Problem details - Restate each entry exactly, without pictures.

Data to use -
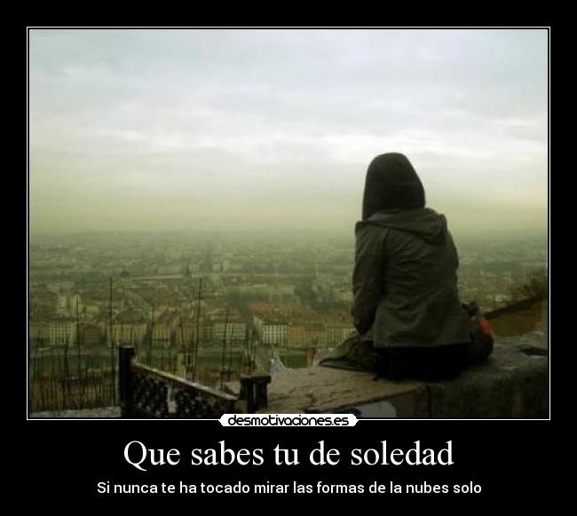 Los riesgos de la soledad en la vejez | Central ... from www.redadultomayor.org Entra, ríe, comenta y comparte sobre… que es la soledad. Estado de seclusión o aislamiento de una persona. Translations of the phrase que soledad from spanish to english and examples of the use of que soledad in a sentence with translation of que soledad in english. La soledad es un camino poco transitado pero lleno de riquezas. Vamos desahogate de alguna manera saca esos desamores de alli, creeme o te haran demasiado daño. Y además tenemos para ti todo lo mejor en chistes cortos has visto lo que pasa en: Pero estar solo es lo que construirá tu fortaleza interior. Últimos artículos, noticias y columnas de opinión con el país.
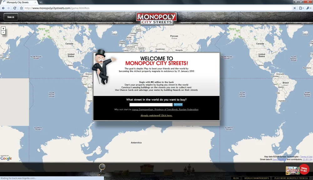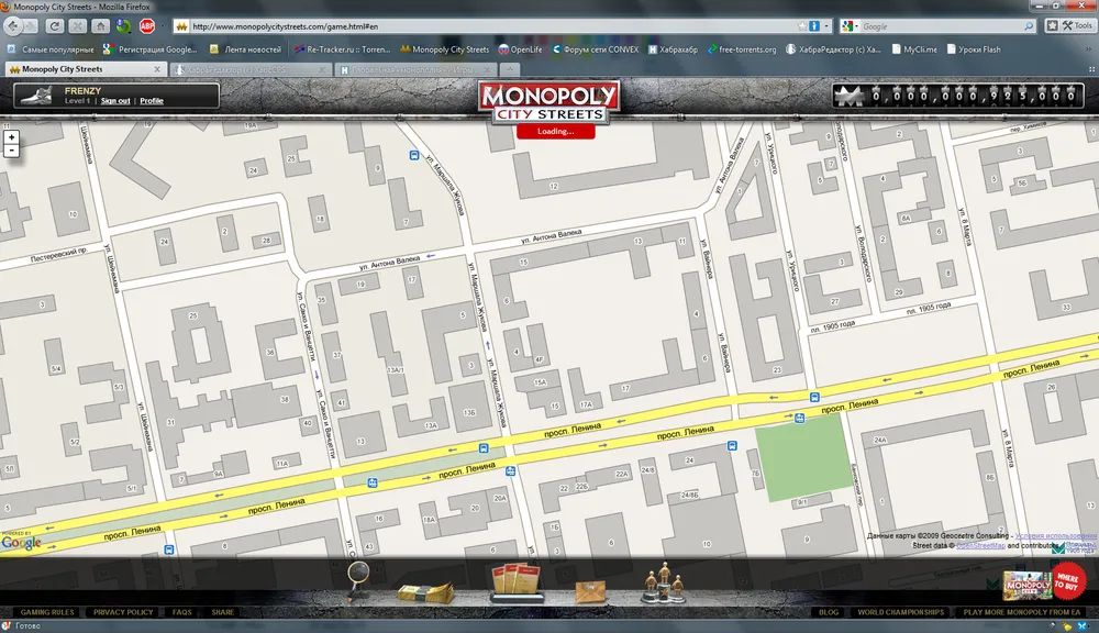 После первого запуска игры (около недели назад) ажиотаж оказался таким, что сервера слабо справлялись с загрузкой. Также было выловлено множество способов мошенничества. В данный момент происходит полный рестарт игры (полное обнуление) вместе с некоторыми улучшениями. Рестарт начался примерно в 6 часов вечера по МСК и продлится от 12 до 24 часов. Так что после рестарта у вас будет шанс купить улицу, которую захотите и начать свой путь к богатству.
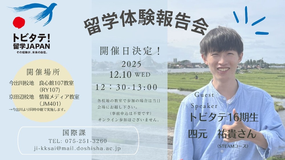 Doshisha Week 2025(ドイツ・テュービンゲン大学で開催)にて SPRING生の研究発表をおこないます!
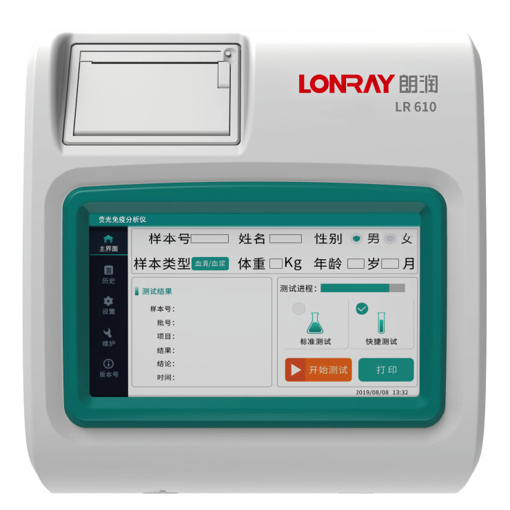 熒光免疫分析儀8大優勢 定量檢測: 所有項目定量檢測;快速測試: 檢測時間低至3分鐘;高精度:變異系數低于10%;靈敏度高:檢測限可達pg/ml;更智能化:二維碼數據管理;安卓系統:智能操作系統;更人性化:自帶提手便于攜帶;選配電池:實現戶外移動檢測。
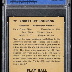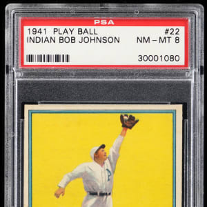 Graded NM-MT 8 by PSA. Philadelphia Athletics All-Star (Indian) Bob Johnson. Ranks in the upper 12% of all similar copies judged by the authenticator with only 4 higher. Part of a 1941 Play Ball PSA graded near set break available throughout this auction.
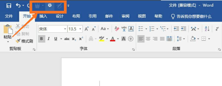 6、最后,回到word编辑界面,可以在左上方看到word画笔工具已经成功添加了。
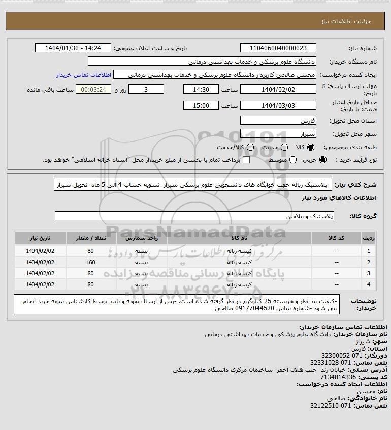 شرح کلی نیاز: -پلاستیک زباله جهت خوابگاه های دانشجویی علوم پزشکی شیراز

The completed task -
 Los riesgos de la soledad en la vejez | Central ... from www.redadultomayor.org Entra, ríe, comenta y comparte sobre… que es la soledad. Estado de seclusión o aislamiento de una persona. Translations of the phrase que soledad from spanish to english and examples of the use of que soledad in a sentence with translation of que soledad in english. La soledad es un camino poco transitado pero lleno de riquezas. Vamos desahogate de alguna manera saca esos desamores de alli, creeme o te haran demasiado daño. Y además tenemos para ti todo lo mejor en chistes cortos has visto lo que pasa en: Pero estar solo es lo que construirá tu fortaleza interior. Últimos artículos, noticias y columnas de opinión con el país.
 После первого запуска игры (около недели назад) ажиотаж оказался таким, что сервера слабо справлялись с загрузкой. Также было выловлено множество способов мошенничества. В данный момент происходит полный рестарт игры (полное обнуление) вместе с некоторыми улучшениями. Рестарт начался примерно в 6 часов вечера по МСК и продлится от 12 до 24 часов. Так что после рестарта у вас будет шанс купить улицу, которую захотите и начать свой путь к богатству.
 Doshisha Week 2025(ドイツ・テュービンゲン大学で開催)にて SPRING生の研究発表をおこないます!
 熒光免疫分析儀8大優勢 定量檢測: 所有項目定量檢測;快速測試: 檢測時間低至3分鐘;高精度:變異系數低于10%;靈敏度高:檢測限可達pg/ml;更智能化:二維碼數據管理;安卓系統:智能操作系統;更人性化:自帶提手便于攜帶;選配電池:實現戶外移動檢測。
 Graded NM-MT 8 by PSA. Philadelphia Athletics All-Star (Indian) Bob Johnson. Ranks in the upper 12% of all similar copies judged by the authenticator with only 4 higher. Part of a 1941 Play Ball PSA graded near set break available throughout this auction.
 6、最后,回到word编辑界面,可以在左上方看到word画笔工具已经成功添加了。
 شرح کلی نیاز: -پلاستیک زباله جهت خوابگاه های دانشجویی علوم پزشکی شیراز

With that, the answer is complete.